IBM supports the integration between IBAMOE and AMQ Streams (Kafka). To follow the labs, you should have an accessible Kafka server. The KIE Server (process engine) will communicate with the topics that we will create in the Kafka server.

If you don't have an environment available you can get a Kafka (Strimzi) server quickly running by using Docker. Let's clone the project to the enablement folder.

  1. Create a new folder named enablement and access it:

    mkdir ~/enablement && cd ~/enablement
    
  2. Clone this repository to your local machine.

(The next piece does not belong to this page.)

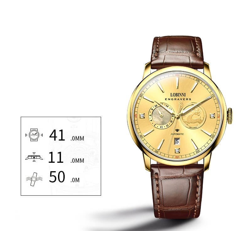 Đồng hồ Moonphase được coi là một trong những biểu tượng thanh lịch của ngành công nghiệp đồng hồ. Lobinni đã kết hợp hơn 60 năm kinh nghiệp sản xuất đồng hồ và bàn tay khéo léo, tỉ mỉ của những người thợ lành nghề Thụy Sỹ, cho ra đời chiếc đồng hồ Lobinni L3603-1 Moonphase. Moonphase là một trong những tính năng phức tạp nhất trong chế tác đồng hồ, yêu cầu sự tỉ mỉ và tính toán chi tiết. Bởi sự phức tạp này, chức năng moonphase (hay còn được gọi là lịch tuần trăng) thường chỉ xuất hiện trên những mẫu đồng hồ trung cấp tới cao cấp.

    git clone https://github.com/hguerrero/amq-examples
    

    The docker-compose file available in this quickstart should bootstrap everything you need to have your Strimzi up and running: Zookeeper, Kafka server v2.5.0, Apicurio Registry and a Kafka Bridge.

  3. Access the amq-examples/strimzi-all-in-one/ folder:

    cd amq-examples/strimzi-all-in-one/
    
  4. Start the Kafka environment:

    docker-compose up 
    

Docker will download the images and start the services for you. You now have a Kafka server running on localhost port 9092.

2.4 Creating the Kafka topics

In the upcoming labs we will need three topics: incoming-requests,requests-approved and requests-denied. Next, you need to create these topics in your Kafka server. If you are using the containerized option mentioned in this lab, you can create the topics using the kafka-topics.sh available in the kafka container.

  1. Open a new terminal and let's using the kafka container we have just started. Enter the Kafka folder:

    cd ~/enablement/amq-examples/strimzi-all-in-one /
    
  2. Create the following three topics:

    docker-compose exec kafka bin/kafka-topics.sh --create --bootstrap-server localhost:9092 --replication-factor 1 --partitions 1 --topic incoming-requests
    
    docker-compose exec kafka bin/kafka-topics.sh --create --bootstrap-server localhost:9092 --replication-factor 1 --partitions 1 --topic requests-approved
    
    docker-compose exec kafka bin/kafka-topics.sh --create --bootstrap-server localhost:9092 --replication-factor 1 --partitions 1 --topic requests-denied
    

2.5 Next steps

At this point you should have IBAMOE, and Kafka on your environment. Before proceeding to the next steps, make sure you have both IBAMOE and Kafka server up and running.